Unicef's annual flagship report, The State of the World's Children, published this month, said, 'Every year an increasing number of children are accommodated within primary education, but available places are not sufficient to keep pace with the annual growth in the school-age population.
'As a result, the global number of children out of school stubbornly remains undiminished at 121 million - and the majority is still girls.'
The worst affected area is sub-Saharan Africa, where the number of girls left out of school has risen from 20 million in 1990 to 24 million in 2002.
South Asia, east Asia and the Pacific region are also severely affected, while enrolment levels in Latin America and the Caribbean are close to those in industrialised countries.
Barriers to the classroom include schools sited too far from home, lack of clean water and separate toilet facilities and the ever-present threat of violence in and around schools.
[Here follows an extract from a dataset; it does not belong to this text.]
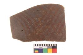 | Description / विवरण | Specimen of potsherd with decorative geometric painting. Type Black on Red Ware . |

Carol Bellamy, Unicef executive director, said that there were nine million fewer girls than boys in school. She added, 'International development efforts have been glaringly inadequate at getting girls into school in too many countries. In this report the findings are clear: gender discrimination is hampering development efforts, starting with the fundamental right of every child to go to school.'
The report called for each country to create a national ethos recognising the value of educating girls, the integration of education into national plans for poverty reduction, the scrapping of all school fees and increased international funding for schooling. It said, 'Despite donor nations' 1990 promises for extra funding for education and their 1996 commitment to ensure universal primary education by 2015, total aid flows to developing countries actually declined during the 1990s, and bilateral funding for education plummeted even further.'
The report said girls denied education were more vulnerable to poverty, hunger, violence, abuse, exploitation and trafficking, and disease, including HIV/AIDS, and were more likely to die in childbirth. But the positive impact of educating girls was equally dramatic, because 'as mothers, educated women are more likely to have healthy children, and more likely to ensure that their children, both boys and girls, complete school'.
The report pointed out that standard approaches to achieving universal education had failed because they did not take account of specific barriers to girls gaining access to education. 'Because of the persistent and often subtle gender discrimination that runs through most societies, it is girls who are sacrificed first - being the last enrolled and the first withdrawn from schools when times get tough,' it said.